Wie kann man sich einzeln oder zu zweit – was aktuell erlaubt ist – auf Mannschaftssport vorbereiten?

Zum Erhalt der Ausdauerleistung kann das sogenannte Fahrtspiel im Gelände mit variablen Belastungen genutzt werden oder auch ein High-Intensity-Intervalltraining mit angepassten oder schon bekannten Strecken, das in zügigem Tempo mit kurzen Pausen absolviert wird. Das funktioniert etwa im Park oder im Gelände. Ein Minimalprogramm für einen Mannschaftssportler wären drei Einheiten pro Woche: eine mit einem langen, extensiven Lauf über 45-60 Minuten, eine zweite mit Intervalltraining oder Fahrtspiel im Gelände und eine dritte mit Sprintintervallen.

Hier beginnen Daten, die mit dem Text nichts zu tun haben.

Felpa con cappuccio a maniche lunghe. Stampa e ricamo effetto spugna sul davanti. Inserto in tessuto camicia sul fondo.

Wohlwissend, dass dies einem Wettkampf nicht gleichkommt, denn die sportartspezifischen Reize fehlen natürlich. Im Falle eines Fußballers etwa der Sprint mit Ball am Fuß unter Gegnereinwirkung. Oder auch die kognitiven Anforderungen im Mittelfeld. Meist können diese Fähigkeiten aber schnell reaktiviert werden, wenn der Einstieg in die gewohnte Trainings- und Wettkampfsaison erfolgt. Denn die Motivation ist nach einer Pause immer besonders hoch.

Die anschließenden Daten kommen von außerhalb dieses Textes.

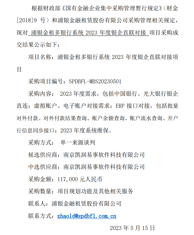 浦银金融租赁股份有限公司 多银行系统 2023 年度银企直联对接项目 采购成交结果公告

Wie sollte die Vorbereitung auf den Wiedereinstieg in die Wettkämpfe aussehen, wenn das gewohnte Training wieder möglich ist und die Termine stehen?

Man wird in den Mannschaftssportarten wohl leider kaum die Zeit haben, sich bestmöglich vorzubereiten. Was fehlt, ist vor allem die Belastungsverträglichkeit gegenüber der Wettkampfbelastung und die Spielpraxis. In den ersten Wettkämpfen wird es daher unvermeidbar sein, mit Leistungsrückschritten zu starten.

Der höhere Wettkampfdruck geht auch mit Verletzungsrisiken einher. Trainer müssen daher mit viel Fingerspitzengefühl vorgehen und in den Mannschaftsspielen durch geschickte Einwechslungen die Belastung auf mehrere Schultern verteilen.